Life on the land was tough. Banana farming involved constant physical work, and, as they also ran a small dairy herd, the whole family all had to pitch in to keep things running. Frank attended the nearby Tewinga School only until his thirteenth birthday, when he quit to work full time on the farm. He was well-suited to the role: tough in body and mind, with an amazing ability to learn and retain facts.
In 1939, when war broke out, Frank was not quite fifteen years old, already broad and solid. Like most youths his age, he dreamed of following older brothers and friends away to the war, but he was also committed to his family. Mary’s two brothers had died in the first war, and she prayed that this conflict would be over before she lost her sons.

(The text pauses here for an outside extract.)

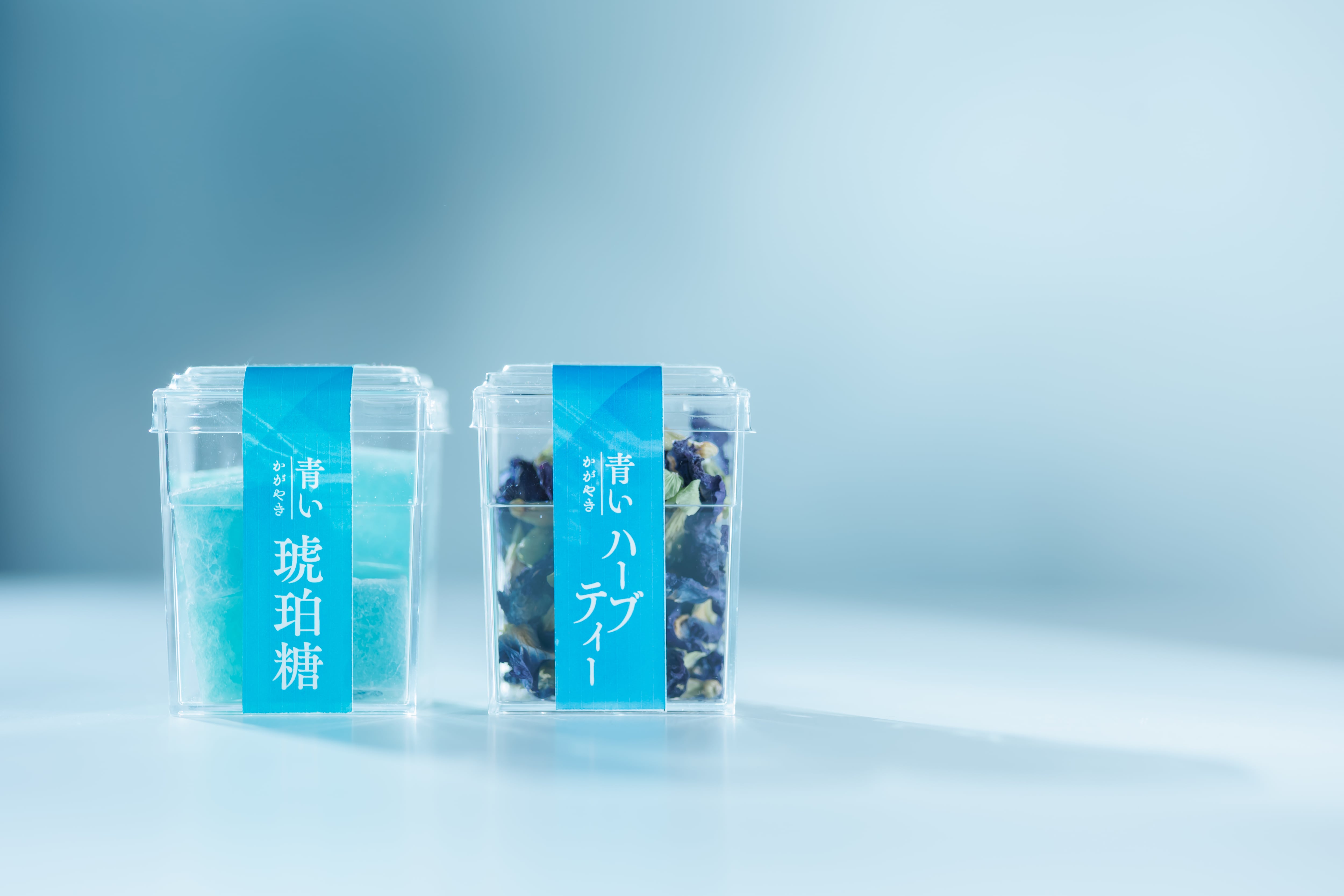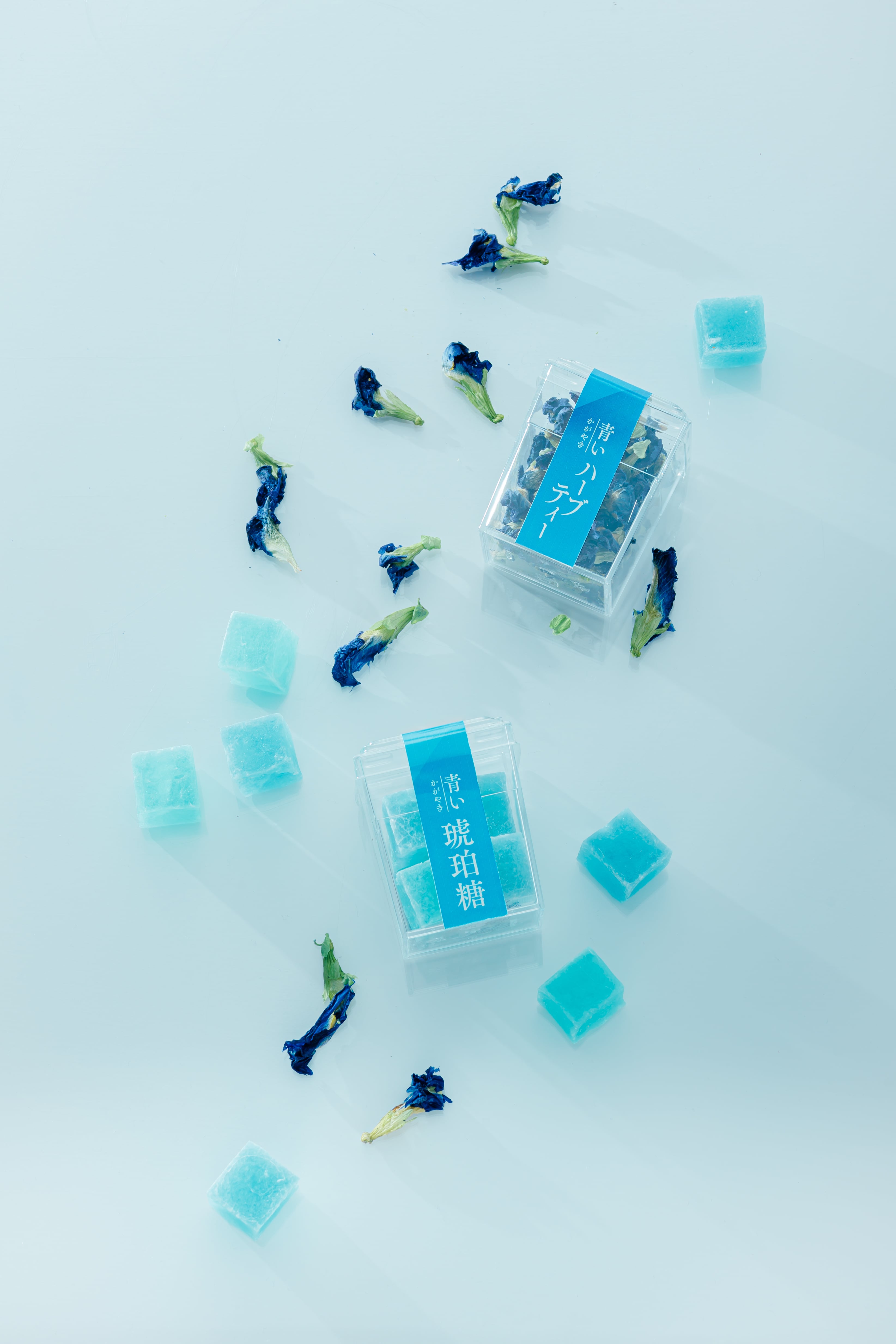 【青いかがやき琥珀糖】 グラニュー糖、寒天、バタフライピー

When Frank turned eighteen, conscription papers from a desperate country arrived. At that time the Japanese Imperial Forces were swarming southwards, and New Guinea looked like it would fall at any time.
Frank’s service record begins with his enlistment on 26th March 1943 in Macksville. After basic training he was posted to the 8th Infantry Battalion which was made up mainly of Victorian Country Lads. Dependable, hard-working Frank Partridge fitted in well.
After a stint in Darwin the battalion was shipped across to Queensland where training for overseas service took place in the Atherton Tablelands. Their first overseas posting was to Emirau Island, in the Bismarck Archipelago, where handpicked members of the battalion joined night raids in American PT boats.
In 1945 the battalion were shifted to the Bougainville Campaign, where entrenched Japanese troops were putting up fierce resistance on the Bonis peninsula, in the island’s north.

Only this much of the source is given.